→ **Task to carry out**: Print, in exact form, the lines below from the one containing "近日,融捷健康公告,拟将全资" through the one containing "En la Tabla", and omit all others.

→ **The records**:

______________________________

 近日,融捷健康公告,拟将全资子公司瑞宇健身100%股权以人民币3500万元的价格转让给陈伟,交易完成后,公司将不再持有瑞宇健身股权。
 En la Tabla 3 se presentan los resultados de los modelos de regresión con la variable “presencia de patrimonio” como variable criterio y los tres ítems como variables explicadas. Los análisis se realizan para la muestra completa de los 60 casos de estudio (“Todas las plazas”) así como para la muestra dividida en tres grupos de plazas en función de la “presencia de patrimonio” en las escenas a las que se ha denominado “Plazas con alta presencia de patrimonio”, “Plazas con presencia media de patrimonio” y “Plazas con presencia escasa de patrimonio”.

______________________________

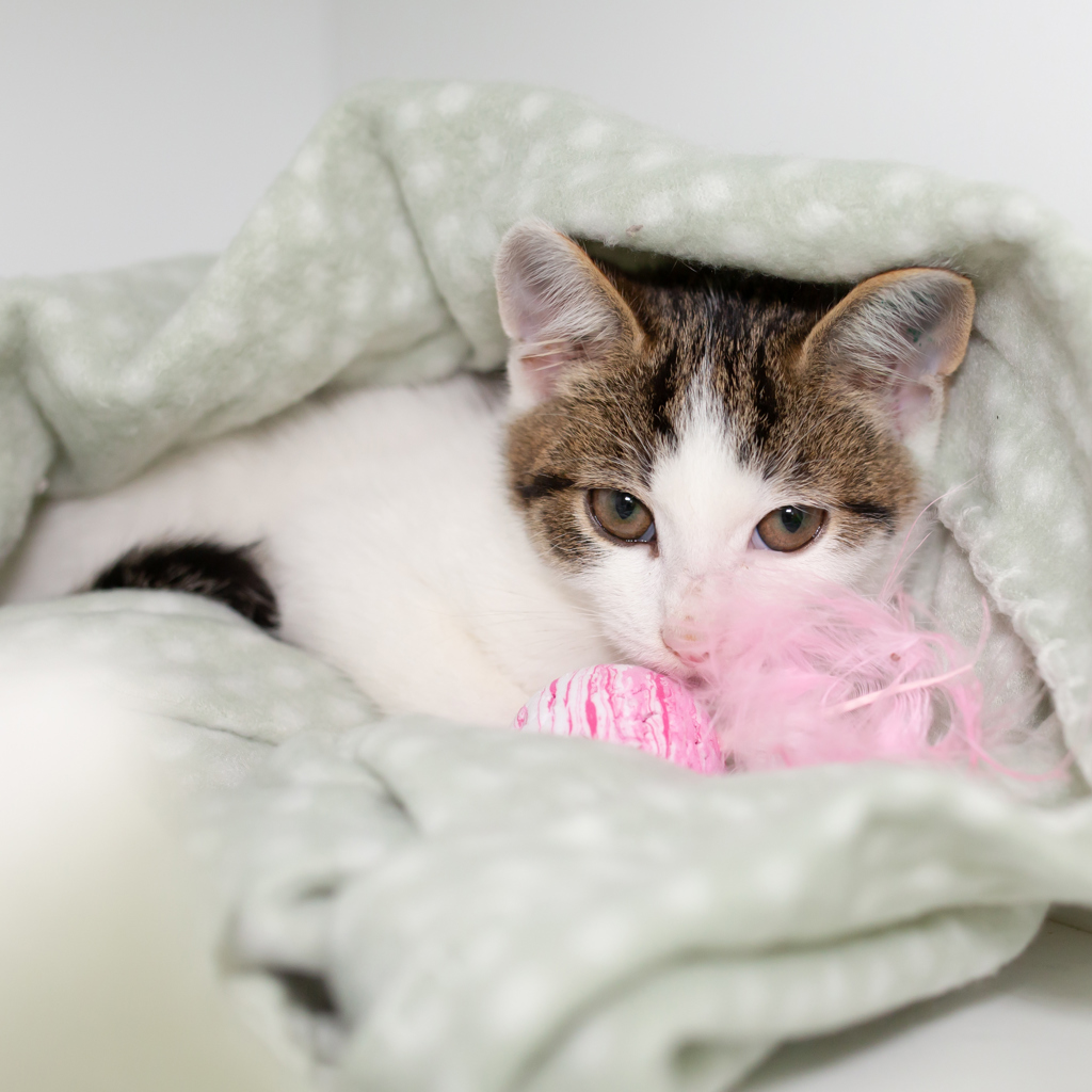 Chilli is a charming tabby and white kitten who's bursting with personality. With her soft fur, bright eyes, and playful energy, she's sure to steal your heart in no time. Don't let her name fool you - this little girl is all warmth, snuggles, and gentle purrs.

______________________________

→ **Final answer**:
 近日,融捷健康公告,拟将全资子公司瑞宇健身100%股权以人民币3500万元的价格转让给陈伟,交易完成后,公司将不再持有瑞宇健身股权。
 En la Tabla 3 se presentan los resultados de los modelos de regresión con la variable “presencia de patrimonio” como variable criterio y los tres ítems como variables explicadas. Los análisis se realizan para la muestra completa de los 60 casos de estudio (“Todas las plazas”) así como para la muestra dividida en tres grupos de plazas en función de la “presencia de patrimonio” en las escenas a las que se ha denominado “Plazas con alta presencia de patrimonio”, “Plazas con presencia media de patrimonio” y “Plazas con presencia escasa de patrimonio”.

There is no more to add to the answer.